EXERCISE REQUIREMENTS:
Please, from the entries below, transcribe exactly the lines that begin at the line with "The bell striking" and end at the line with "Az eldobható szűrő", without the pictures.

───── DATA TO PROCESS ─────

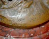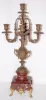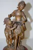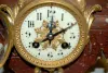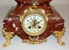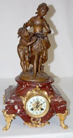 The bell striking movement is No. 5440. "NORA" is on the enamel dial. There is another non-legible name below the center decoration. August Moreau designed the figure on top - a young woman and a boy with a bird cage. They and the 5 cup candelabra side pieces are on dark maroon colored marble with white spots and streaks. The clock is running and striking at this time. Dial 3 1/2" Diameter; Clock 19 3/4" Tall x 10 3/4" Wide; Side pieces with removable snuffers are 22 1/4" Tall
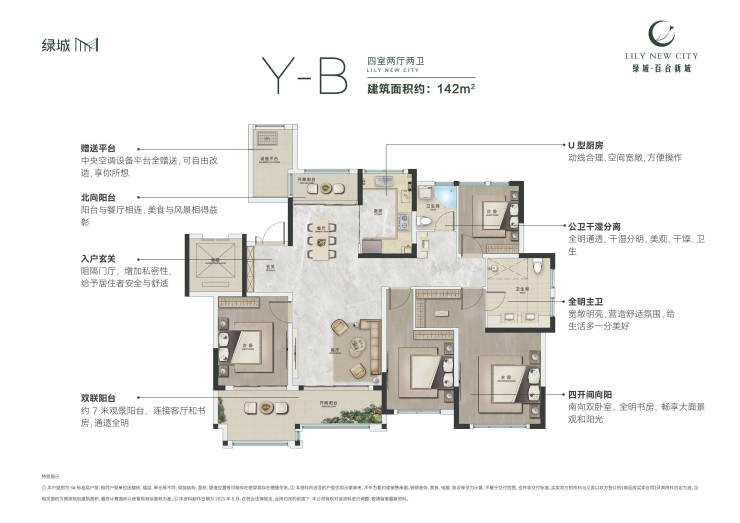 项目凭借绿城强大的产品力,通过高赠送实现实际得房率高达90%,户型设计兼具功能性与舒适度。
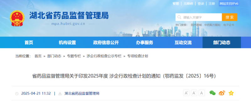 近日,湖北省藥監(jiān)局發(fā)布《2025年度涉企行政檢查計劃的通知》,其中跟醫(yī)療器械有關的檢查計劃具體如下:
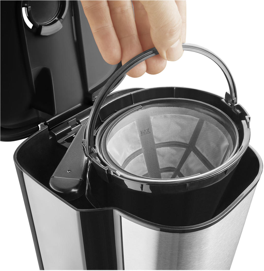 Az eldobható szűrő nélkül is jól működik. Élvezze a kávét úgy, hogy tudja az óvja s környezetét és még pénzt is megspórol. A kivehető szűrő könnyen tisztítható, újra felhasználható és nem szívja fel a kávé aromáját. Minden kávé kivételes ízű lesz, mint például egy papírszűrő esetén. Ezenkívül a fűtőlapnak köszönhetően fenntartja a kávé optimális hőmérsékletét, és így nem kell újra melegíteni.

─────
───── DATA TO PROCESS ─────

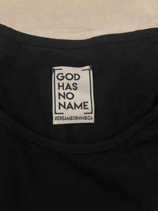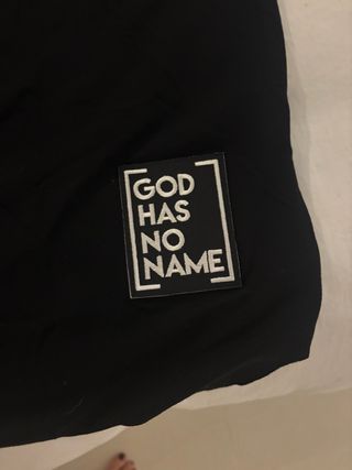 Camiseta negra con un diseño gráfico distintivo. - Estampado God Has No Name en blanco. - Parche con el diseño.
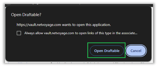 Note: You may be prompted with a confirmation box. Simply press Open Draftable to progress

─────
───── DATA TO PROCESS ─────

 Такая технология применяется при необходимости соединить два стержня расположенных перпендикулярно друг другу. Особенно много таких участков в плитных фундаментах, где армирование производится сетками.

─────

EXERCISE OUTPUT:
 The bell striking movement is No. 5440. "NORA" is on the enamel dial. There is another non-legible name below the center decoration. August Moreau designed the figure on top - a young woman and a boy with a bird cage. They and the 5 cup candelabra side pieces are on dark maroon colored marble with white spots and streaks. The clock is running and striking at this time. Dial 3 1/2" Diameter; Clock 19 3/4" Tall x 10 3/4" Wide; Side pieces with removable snuffers are 22 1/4" Tall
 项目凭借绿城强大的产品力,通过高赠送实现实际得房率高达90%,户型设计兼具功能性与舒适度。
 近日,湖北省藥監(jiān)局發(fā)布《2025年度涉企行政檢查計劃的通知》,其中跟醫(yī)療器械有關的檢查計劃具體如下:
 Az eldobható szűrő nélkül is jól működik. Élvezze a kávét úgy, hogy tudja az óvja s környezetét és még pénzt is megspórol. A kivehető szűrő könnyen tisztítható, újra felhasználható és nem szívja fel a kávé aromáját. Minden kávé kivételes ízű lesz, mint például egy papírszűrő esetén. Ezenkívül a fűtőlapnak köszönhetően fenntartja a kávé optimális hőmérsékletét, és így nem kell újra melegíteni.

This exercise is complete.